Underlying George Lois' work, there is a passion that we do not see today. We are so concerned with big data and focusing on micro-segmenting that we can't "see the forest for the trees." We rely on SEO and the ongoing dependence on analytics to justify to clients that we know what we are doing. STEM now supersedes creativity. No wonder the ad agency model is becoming so redundant.
This situation is no different than the "packaged goods" reaction to the creative revolution of the 1960s. Then, its focus was on market segmenting to the point that market research became self-serving, so as to justify to clients that the money they spent on the template advertising they created was well-invested.
Now with digital technology, we have evolved to micro-segmenting, and in the process have lost the fact that advertising is meant to deliver a message to a mass audience. What's happened is that the delivery tool (digital media) has overtaken the content (creativity) in importance. And the ability for the content to re-establish its importance is severely impeded by the fact that digital is one-to-one media, not mass-driven.
What ever happened to the "big idea" George so aptly referred to as the basis of great advertising? It's there in his archives. It's in his incredibly well-developed presentations and the actual advertising he created that was simply based on differentiating his clients' products from the competition. And he did this not by relying on an overabundance of market research, but on an understanding of our culture. For George, the creative may seem outrageous, but if the "big idea" is boldly memorable, the strategy naturally springs from it.
But these archives provide even more of an understanding as to why Mary Wells in "The Real Mad Men of Madison Avenue" refers to George as the "rock star" of the advertising creative revolution. Underlying the passion behind the work is the fact that Mr. Lois embraces advertising -- a field that even some in the business consider deceptive. By his doing so, he helps us to better learn life lessons.
Some of his endeavors include: his friendship with Paul Robeson; boldly fighting McCarthyism at CBS television; his vital roles with Robert Kennedy and other major politicians; his iconic "Esquire" covers -- initially received as jarring and prescient statements, which have since become essential to the iconography of American culture; his collaborating with Doctor Benjamin Spock and the Committee for Sane Nuclear Testing (SANE), which was instrumental in generating support for the passage of the Test Ban Treaty of 1963; his dynamic relationship with Muhammad Ali; and his effort in helping Rubin "Hurricane" Carter reverse his unjust murder conviction.

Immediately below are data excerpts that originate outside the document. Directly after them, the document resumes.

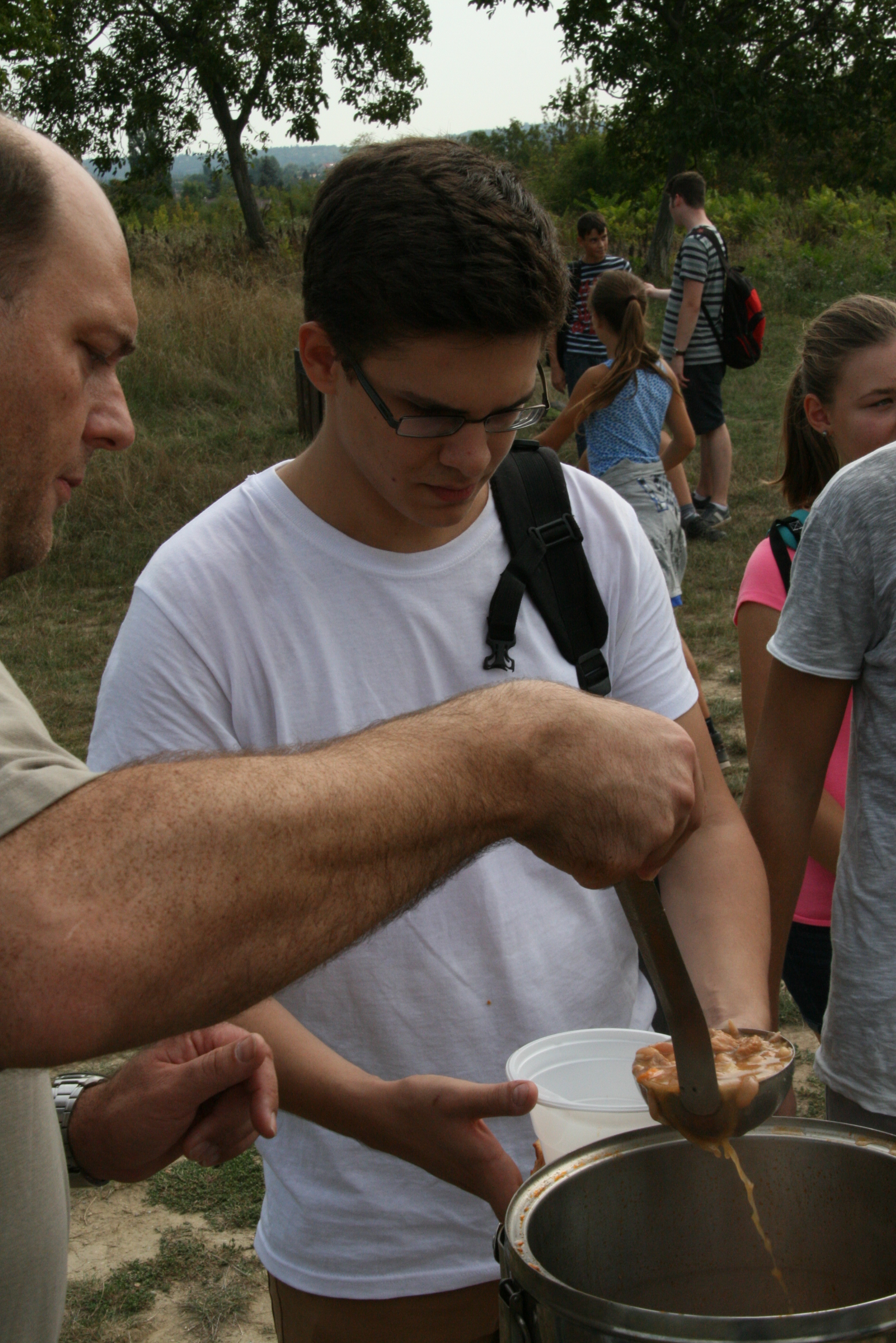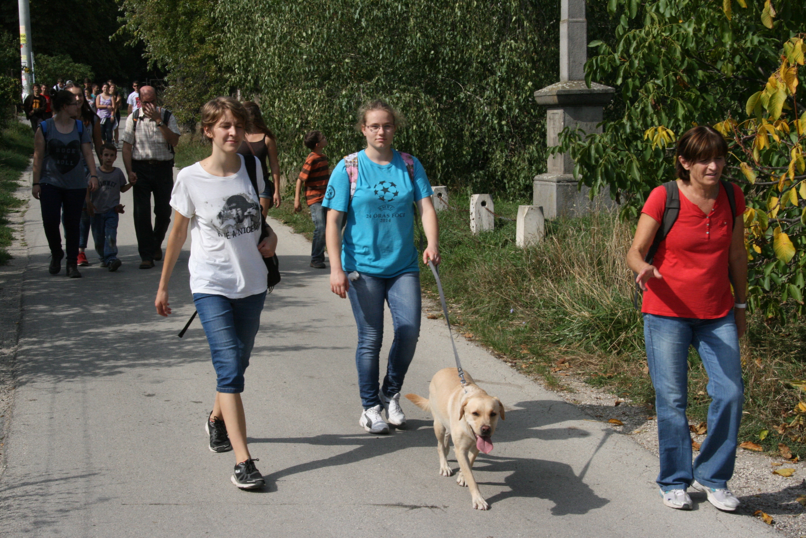 Idén a leghosszabb, „Csak teljesítményőrülteknek” hirdetett útvonal senkinek nem mozgatta meg a fantáziáját, így a leghosszabb táv 13,8 km, volt, melyet egyedül a 11b választott. Mégis az első osztályok között érkeztek meg Pomáz szélére, ahol már ott volt a „fogadóbizottság”: Tombor László igazgató úr a nyilvántartásával, hisz a túra az „Egy Baárkában evezünk” pontgyűjtő verseny első eseménye volt, és Süveges István karbantartónk, aki a konyhások –szokás szerinti– remekét, a 350 adag babgulyást fuvarozta.
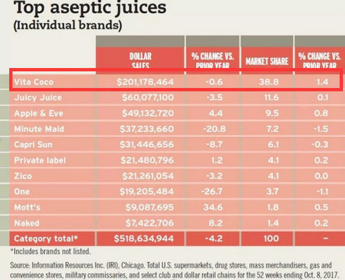 但是在高糖果汁銷量顯著下降的同時,高端果汁市場卻迎來了春天,尤其是通過“原汁”、冷榨活高壓HPP處理的果汁,比如椰子水這類NFC果汁。據歐睿國際報告顯示,椰子水等高端果汁因其天然健康的市場定位發展迅速,與其他植物水的銷售總額相比已從2.17億美元上升至8.89億美元。IRI統計數據也能看出,0脂肪0 膽固醇的唯他可可椰子水甚至取得了美國市場無菌果汁銷量榜首的成績。
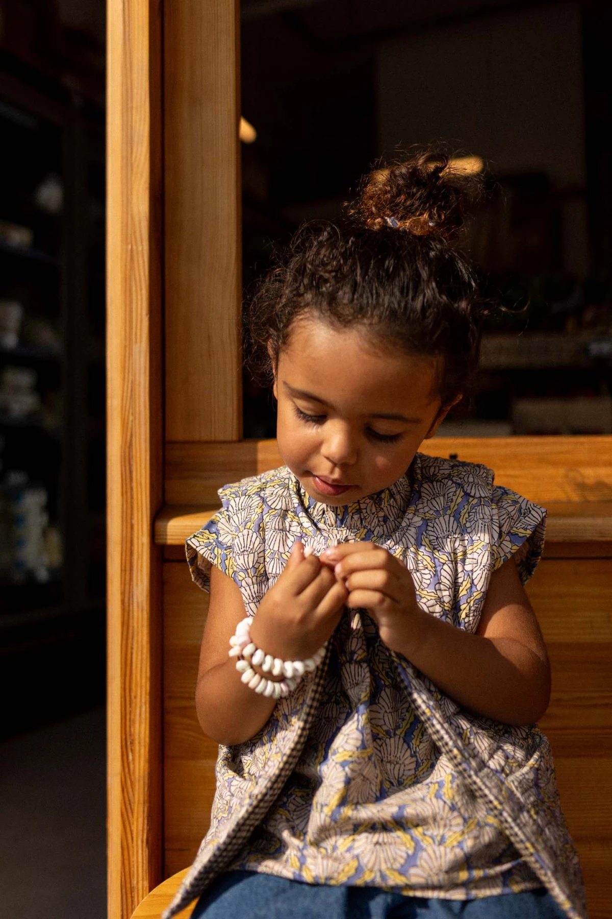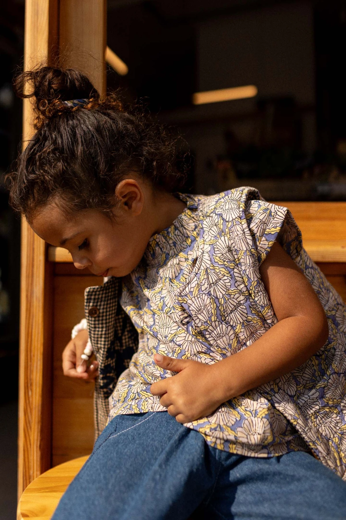Découvrez le gilet SAKARU sans manches, réversible et matelassé, doublé en khadi de coton. Pratique et élégant, il propose des poches plaquées côté imprimé et une broderie décorative côté khadi. Sa fermeture à l’encolure par bouton en bois allie style et fonctionnalité au quotidien.
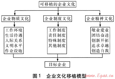 事實證明,買到技術(shù)、產(chǎn)品和服務(wù)易如反掌,而要重復(fù)一個企業(yè)的文化和經(jīng)營方式則極為困難。因此,燃?xì)馄髽I(yè)在合資、兼并收購其他企業(yè)后,要成功移植企業(yè)的優(yōu)質(zhì)文化,需要經(jīng)歷一個比較艱難的過程。結(jié)合企業(yè)文化的內(nèi)容,企業(yè)文化擴張方式應(yīng)該是建立在企業(yè)精神的基礎(chǔ)上,以完整的管理制度為依托,以鮮明的企業(yè)形象為載體,符合目標(biāo)消費群的精神和物質(zhì)需要[5]。企業(yè)文化移植模型見圖1。
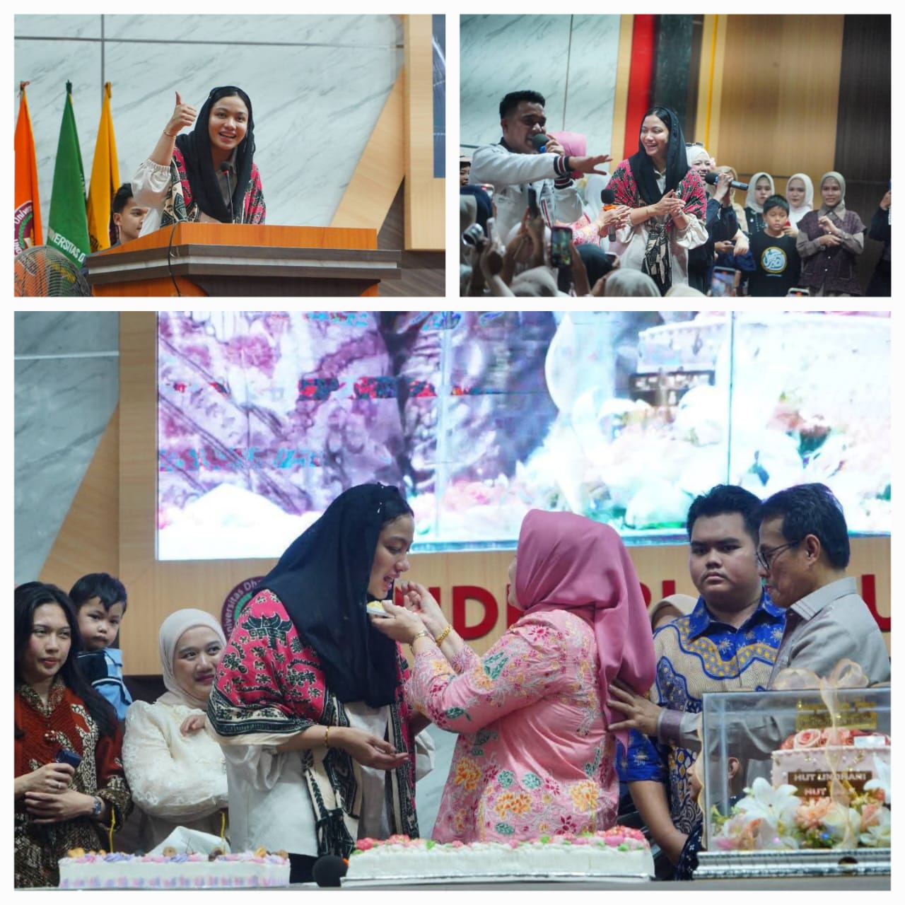 Dharmasraya – Suasana auditorium Dara Jingga, Rabu malam (12/11/2025), berpendar oleh cahaya dan tawa. Di tengah dingin malam Pulau Punjung, suasana hangat mengalir di ruang megah itu. Universitas Dharmas Indonesia (UNDHARI) tengah berbahagia merayakan ulang tahunnya yang ke-18, bersamaan dengan dua momentum lain yang tak kalah istimewa, HUT ke-20 Yayasan Amanah Ampang Kuranji, dan hari lahir sang pendiri sekaligus pembina, Dr. Dra. Hj. Elviana, M.Si.
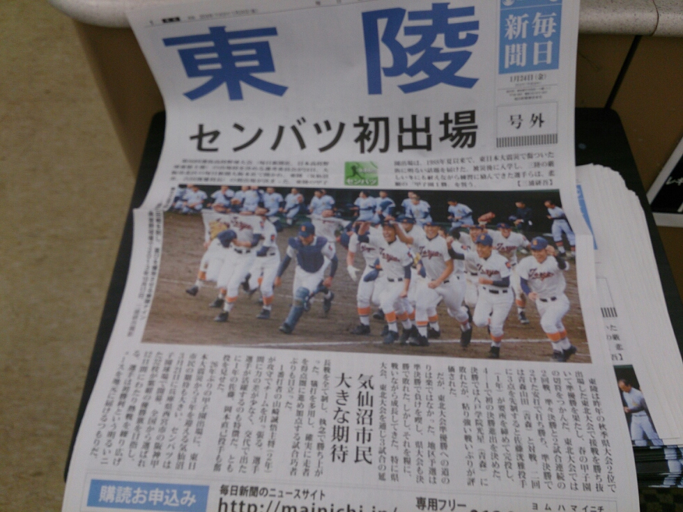 新聞を読んでいたら東稜高校が甲子園に出場するという記事が載っていて驚いた。

George's breakthrough work was the spark that enabled advertising to transcend simply selling products. And even when he dealt with the selling of those traditional products, there was an understanding of our culture that enabled the work to survive beyond the life of the product.
There is no distinction between his ethics, passion and beliefs, as so reflected in the archives. I learned this firsthand as a fledgling account executive at Lois Holland Callaway, where I had a front-row seat as the agency came to grips with the loss of the Cutty Sark Scotch account -- its largest piece of business -- because George refused to stop working for a retrial for Rubin "Hurricane" Carter. It never crossed my mind until later that in advertising, art, commerce and morality often merge, and incredibly hard choices have to be made.
George made those choices and, in doing so, his actions, in keeping with his work, made the craft called advertising noble. It is the gift of these archives that provide future advertising professionals the opportunity to not only examine the past 60 years, but to apply the lessons from them to help the discipline called advertising recapture its lost luster.